In a hippocampal-dependent hidden platform version of the water maze
task, all groups significantly decreased their latencies to find the
hidden platform during the eight training trials (Fig. 3A). The rate of acquisition
was comparable among the four groups (two-way ANOVA with trials as a
repeated measure; main effect of lesion:
F(1,31) < 1.0, p > 0.05; main effect of surgery: F(1,31) = 2.7, p > 0.05; lesion × stress × trials
interaction: F(7,245) < 1.0, p > 0.05). On the retention (probe) test a day later,
however, the lesion animals required significantly shorter latencies to swim to the original location of the platform than the sham animals, irrespective of stress (two-way ANOVA;
F(1,34) = 13.5, p < 0.01). Although neither the main effect of stress nor lesion × stress interaction was significant (two-way ANOVA;
F(1,34) = 3.0, p > 0.05, and F(1,34) = 1.4, p > 0.05, respectively), a simple planned comparison
analysis indicated that the sham-stress animals (39.1 ± 8.4 sec)
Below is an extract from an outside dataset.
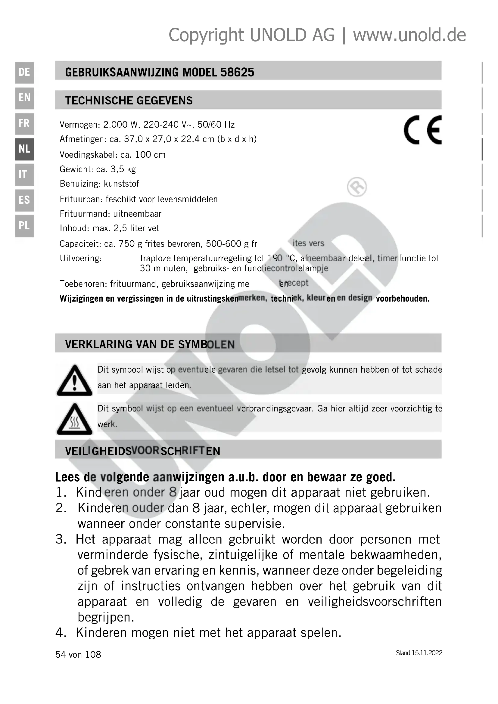 slijtage en beschadigingen. Stuur het apparaat of het snoer in geval van beschadigingen van het snoer of andere onderdelen a.u.b. voor controle en/of reparatie aan onze klantenservice. Ondeskundig uitgevoerde reparaties kunnen aanzienlijke gevaren voor de gebruiker veroorzaken en leiden tot het vervallen van de garantie. Copyright UNOLD AG | www.unold.deStand 15.11.2022 57 von 108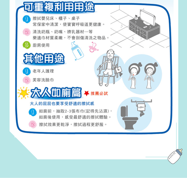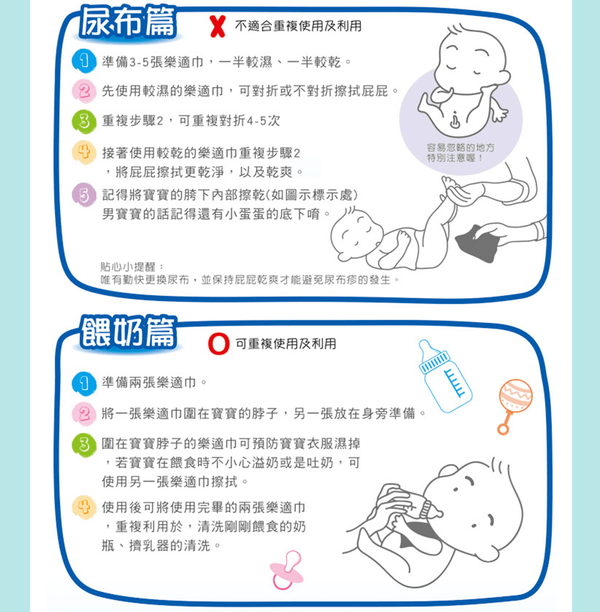 附上乾濕兩用巾的用途說明,提供給媽咪參考唷:)

exhibited significantly longer latencies to swim to the original
location of the platform, in comparison to the sham-control (22.7 ± 3.9 sec), the lesion-control (9.8 ± 2.5 sec), and the lesion-stress
(12.9 ± 4.7 sec) animals (one-way ANOVA;
F(3,34) = 6.1, all p
values < 0.05 Newman-Keuls). The latency differences cannot be
attributed to possible motoric effects because there were no reliable
group differences in swim speed (p > 0.05)
(Fig. 3B). Also, the swim distance-dependent measure
provided the same results as the latency-dependent measure (data not
shown). Thus, these results suggest that amygdalar lesions may enhance
retention of the hidden platform task and also effectively block the
impairing effects of stress on this task.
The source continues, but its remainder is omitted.